Possible bug in regrid operator


#1

I’m seeing behavior that might be a bug in the regrid operator. I’m trying to regrid a 2D array in order to display the array as a down-sampled image. For some grid sizes this works perfectly. But when the grid size goes below 9x9, the results come out scrambled.

For example, using the python bindings, a 10x10 regrid window looks great:

query = f.regrid('gimms_jan', 10, 10, 'avg(ndvi) as ndvi')
plt.imshow(query.toarray())


But a 5x5 window gives the wrong result:

query = f.regrid('gimms_jan', 5, 5, 'avg(ndvi) as ndvi')
plt.imshow(query.toarray())


You can see the results of these queries and others in a capture of my IPython notebook: http://pabercrombie.com/scidb/regrid/Regrid.html. The data set that I used for this experiment is available in SciDB text format at: http://pabercrombie.com/scidb/regrid/gimms_jan_2010.txt.gz. The array schema that I used is:

gimms_jan<ndvi:int16 NULL DEFAULT null,flag:uint8> [y=0:2159,500,0, x=0:4319,500,0]

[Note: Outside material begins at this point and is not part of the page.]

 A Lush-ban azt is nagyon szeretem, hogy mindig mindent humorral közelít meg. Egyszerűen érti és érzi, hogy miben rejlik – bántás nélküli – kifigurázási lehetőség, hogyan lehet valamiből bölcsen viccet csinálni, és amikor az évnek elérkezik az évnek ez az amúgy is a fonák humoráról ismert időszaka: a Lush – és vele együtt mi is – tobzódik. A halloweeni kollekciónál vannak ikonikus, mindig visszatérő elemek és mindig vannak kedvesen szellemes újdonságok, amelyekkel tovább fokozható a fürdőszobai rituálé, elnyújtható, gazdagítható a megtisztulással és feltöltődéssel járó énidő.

Anyone know what’s going on here?


#2

Hi Parker,

Thanks for the cool image and sorry for the trouble. I repeated the experiment using R:


I’m getting something that’s (albeit upside down) quite sensible. I am using a newer (unreleased) scidb version but there shouldn’t have been any substantial regrid changes. I’ll try it on 14.3 when some resources free up.
Is it possible that the image function is screwing with us – due to the presence of missing codes perhaps?

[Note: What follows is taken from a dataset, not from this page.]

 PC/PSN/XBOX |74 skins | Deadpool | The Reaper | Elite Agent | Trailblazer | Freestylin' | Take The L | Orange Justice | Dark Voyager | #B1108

By the way, love the blog and the tips. Also:

  • remember that AQL doesn’t always translate to the most efficient AFL, there is a tension here between making AQL smarter versus just focusing on R/Python. I try to avoid AQL at the moment.
  • don’t use the scidb text format. Your file is small, but that format is generally the most inefficient ever. Recommend csv/tsv, binary or opaque instead.

Hope it helps. I’ll let you know when I get a chance to run this in R on 14.3 or maybe you can give that a shot.


#3

I tried the regrid with 14.3 and R and got the same result as you: upside down but otherwise reasonable. So it must be something in either the Python bindings or the image function. I already filled missing data with zero, so I doubt it would be a missing data problem. I’ll play with it a little more and report on what I find. Thanks!


#4

Looks like the problem might be related to the toarray() function in the SciDB Python binding. I tried running the regrid from Python, then dumping the result to a file and loading into R. I produced the plot in R to take the Python plotting functions out of the loop. For a regrid window less than 10x10 I get the same scrambled image from R as I see in Python, but it works for larger windows.

Specifically, I ran this code in Python:

a = f.regrid('gimms_jan', 5, 5, 'avg(ndvi) as ndvi')
np.savetxt('gimms_jan_5x5.dat', a.toarray())

And then this code in R:

a <- read.table('gimms_jan_5x5.dat')
image(as.matrix(a))

Here’s the result:



#5

Hi Parker,

Thanks for the detailed bug report. I can reproduce this, and it’s definitely a problem with toarray() (or, less likely, shim). I’ll let you know when I know more

Cheers,
Chris Beaumont


#6

Hi Parker,

Ok, I think the root cause of the problem is that the chunk size is smaller than the array size. When this happens, SciDB-Py’s toarray() method makes incorrect assumptions about the order in which the bytes are downloaded. That’s why the array looks scrambled.

I’ll fix this on SciDB-Py’s end. In the meantime, you can workaround the bug by redimensioning the array into a single chunk – this helper function should do the trick

from scidbpy.schema_utils import change_axis_schema

def toarray(x):
    """ A version of toarray that works around the bug """
    
    # change chunk size as needed so full array fits in single chunk
    ds = x.datashape
    for i, (c, s) in enumerate(zip(ds.chunk_size, x.shape)):
        if c < s:
            ds = change_axis_schema(ds, i, chunk=s)
            
    schema = x.sdbtype.schema + ds.dim_schema
    return x.afl.redimension(x, schema).toarray()

Cheers,
Chris


#7

Thanks, Chris. I’ll give the workaround a try.


#8

Just an update on this: The parsing logic in SciDB-Py has been modified to fix this bug. I believe this change will be reflected in the 14.7 release of SciDB-Py in the next few days (you can also grab the latest version of the code of GitHub if you want to try this out in the meantime: github.com/paradigm4/SciDB-py)